Il punto di partenza per esaminare il problema è l’art.
93 del Trattato delle Comunità europee, che è la fonte
di rango più elevato per l’accertamento delle questioni di incompatibilità. Come spiega il secondo Avvocato generale per il caso dell’IRAP (nel paragrafo 58 del
suo parere), si evince dall’art. 93 che non può essere
introdotta alcuna misura legale nazionale che possa
mettere a repentaglio il corretto funzionamento del
Mercato interno, in particolare dell’imposta sul valore
aggiunto armonizzata. L’art. 93 costituisce chiaramente in questo senso un limite alla giurisdizione nazionale per l’introduzione di imposte dirette o indirette.

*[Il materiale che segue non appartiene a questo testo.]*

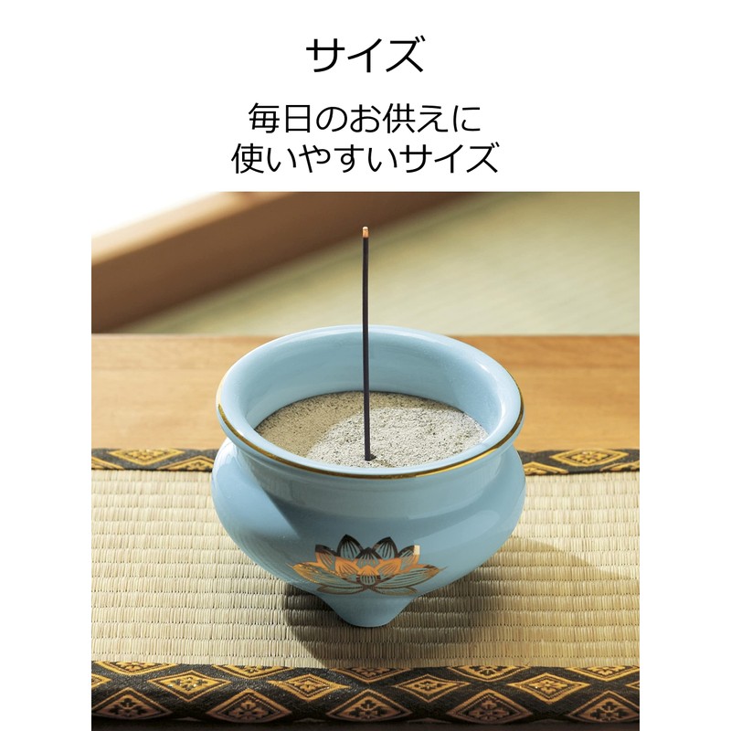 マルエス 御仏具 青磁上金ハス香炉 4.0寸 ブルー

Tuttavia, si può esaminare caso per caso solo il problema se la particolare legge nazionale sia compatibile con il diritto comunitario relativo. Dunque, la Repubblica ungherese non si può aspettare che la Corte
di Giustizia rilasci una sorta di proibizione per l’imposta ungherese sul commercio locale.

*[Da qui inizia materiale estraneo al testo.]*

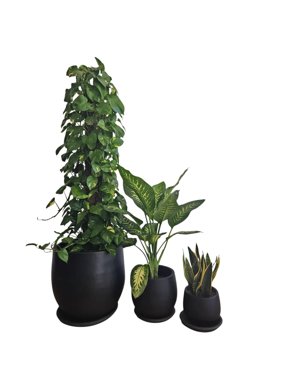 ثلاثية نباتات منخفضة الإضاءة في أواني

È possibile rispondere alla domanda su quali siano le caratteristiche che fanno sì che un’imposta deb-
ba essere considerata un’imposta sugli affari ai fini
della sesta Direttiva. La Corte di Giustizia ha minuziosamente esaminato diverse imposte nazionali. Nel
caso di cui trattasi, i giudici comunitari dovrebbero
analizzare l’imposta ungherese sul commercio locale
seguendo la costante giurisprudenza precedente,
cambiando pertanto la domanda posta dalla corte nazionale per riuscire a valutare nel merito l’imposta
ungherese sul commercio locale e per capire se sia
compatibile con l’imposta sul valore aggiunto.
Nel caso dell’IRAP, per ciò che riguarda la seconda caratteristica essenziale dell’IVA, la Corte di Giustizia ha osservato (al paragrafo 30) che, mentre l’IVA
è prelevata sulle singole transazioni nella fase di distribuzione e il suo ammontare è proporzionale al
prezzo dei beni o servizi offerti, l’IRAP è, al contrario, un’imposta calcolata sul valore netto della produzione di un’impresa in un determinato periodo. La
sua base di calcolo è data dalla differenza tra il “valore della produzione” e i “costi di produzione” che
appaiono nel conto economico (così definiti dalla legge italiana). Essa include elementi quali le variazioni delle rimanenze di magazzino e l’ammortamento,
che non hanno tuttavia alcun collegamento diretto
con l’offerta di beni o servizi in quanto tale. In queste
circostanze, l’IRAP non può essere considerata proporzionale al prezzo dei beni o servizi offerti. L’imposta ungherese sul commercio locale non è un’imposta
prelevata sulle attività produttive. Al contrario, essa
è applicata esclusivamente sul giro d’affari. Sebbene
nel caso dell’IRAP la Corte di Giustizia abbia ritenuto che l’imposta italiana in questione non fosse incompatibile con l’imposta sul valore aggiunto europea armonizzata, il caso ungherese può essere giudicato diversamente. L’imposta ungherese sul commercio locale è, infatti, diversa dall’IRAP dal momento
che quest’ultima può essere prelevata non solo sui ricavi delle vendite, ma anche sull’aumento delle giacenze di magazzino e del titolo di sviluppo.
La conclusione principale che si può trarre dalla
storia dell’imposta ungherese sul commercio locale,
paragonabile al sistema europeo armonizzato dell’imposta sul valore aggiunto, è che l’imposta sul
commercio locale da imporre sui ricavi di vendita,
anche se rettificata in molte circostanze, può essere
considerata in concorrenza con l’imposta sul valore
aggiunto armonizzata; per quanto riguarda la valutazione di ciò, è cruciale tenere in considerazione
l’impatto che questa imposta può generare sul corretto funzionamento dell’IVA, invece di focalizzarsi
sulla questione meramente dogmatica se essa possa
essere catalogata come imposta diretta o indiretta.